Ulysses' heart beat faster, and he felt his skin turning into a mushy and cold liquid. He bent down to stare at the black lettering on the yellow metal. The room was so silent he could hear the blood singing in his ears. The sourceless light was as heavy as the cover on the Tomb of the Ages.

The letters looked as if they might have evolved from the Latin alphabet. Or from the International Phonetic Alphabet (IPA), which was based on a number of alphabets. He studied the letters while the priest stood as patiently as one of his elephant forebears behind him. If he took for granted the similarity of the letters to those of the IPA, then he might be able to figure it out. There were thirty lines, and surely he could decipher some words here and there, no matter how much the language might have changed.

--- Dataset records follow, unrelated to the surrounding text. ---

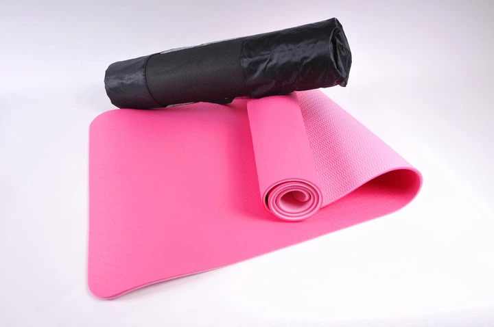 Килимок для йоги та фітнесу TPE+TC 6мм двошаровий + Чохол рожевий
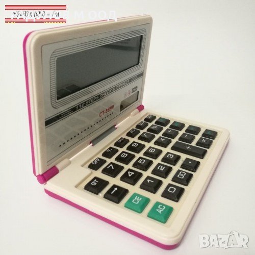 Електронния калкулатор се предлага в различни цветове - син, зелен, розов.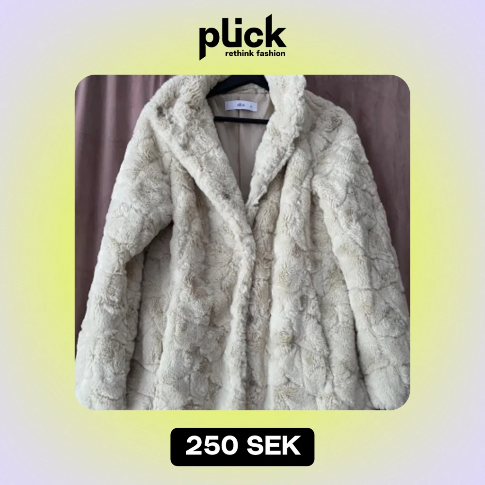 Beige fluffig medium lĂ„ng jacka i storlek 36đ
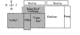 Illustration 1 pictures the depot from the Northwest corner. Our tour will start by walking through the door on that corner. There was another just like it directly across the ÒlobbyÓ (the ticketing and waiting room), so one could enter from the Northeast corner also. WeÕll walk our way south from the ÒlobbyÓ, through the depot agentÕs office, the cargo bay, out onto the platform and down the ramps.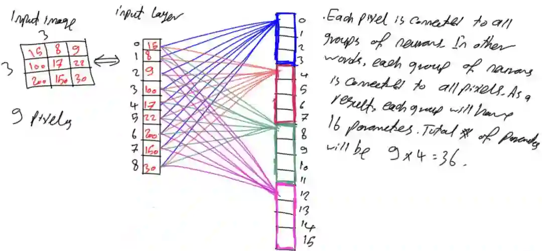 图7显示了每个像素到每个组中第一个神经元的连接,但每组中的每个像素与每个神经元还是相互连接,该网络仍然是全连接网络。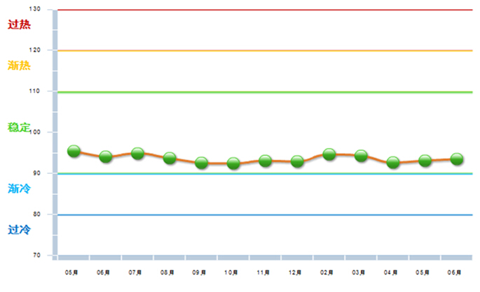 图1 2015.5—2016.6自行车行业主营业务收入景气指数变化态势

Of course, he told himself, the language might not be a form of English. He had no right to believe that he was still on a portion of the North American continent. He could have been moved to Eurasia or Africa, and this could be descended from any one of a thousand languages of his time.

Still, the Arabic numbers should not have changed. And there was nothing like them except for some ones, which could be ells. Maybe the numbers were, for some reason, spelled out.